January 12, The Baptism of the Lord: Pilgrims, a Sunday Scriptures blog

The Gospels were written years after Jesus’ death. During our 2020 liturgical year (the A cycle), we hear Sunday Gospels from the Gospel of Matthew, written around the year 80 A.D. or C.E., and sometimes passages from John’s Gospel, written around 100. This Sunday and for the next several weeks, the evangelists are looking back on how it all began. How did the call and ministry of Jesus begin? In today’s Scripture, Jesus puzzles John the Baptist by coming to him for baptism. John was puzzled because his baptism focused on repentance for sin, but Jesus was sinless. Jesus tells the Baptist, “allow it for now, for it is fitting. …” It was fitting because John was doing what Isaiah the prophet said to do — announcing the Messiah who would establish the kingdom of God on Earth. Jesus is experiencing his call to Messiahship within that spiritual framework. His call is in continuity with the teachings of prophets who lived long before him, and his ministry is directed toward his faith tradition.
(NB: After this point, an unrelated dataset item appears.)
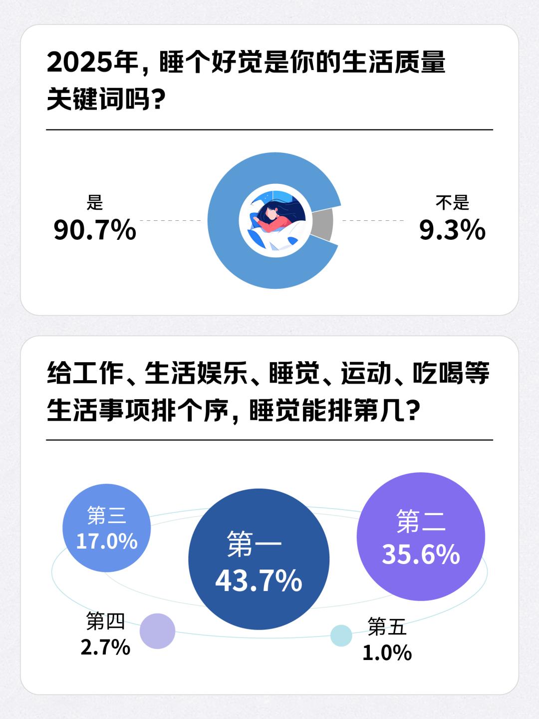 90%的成年人把“睡个好觉”作为2025年生活质量的关键词。超过4个成年人将睡眠排在第一位,35.6%的人将睡眠排在第二位。

We Americans can slip into thinking of our religious calls as individual and private, as just between me and God. We are consummate individualists. But there is wisdom in acknowledging that we need a faith tradition to understand our call from God, and a group of other faithful folks to travel with throughout our lives, the way pilgrims walk together toward their goal. Who is in your faith community? How is your call to holiness connected to your faith community?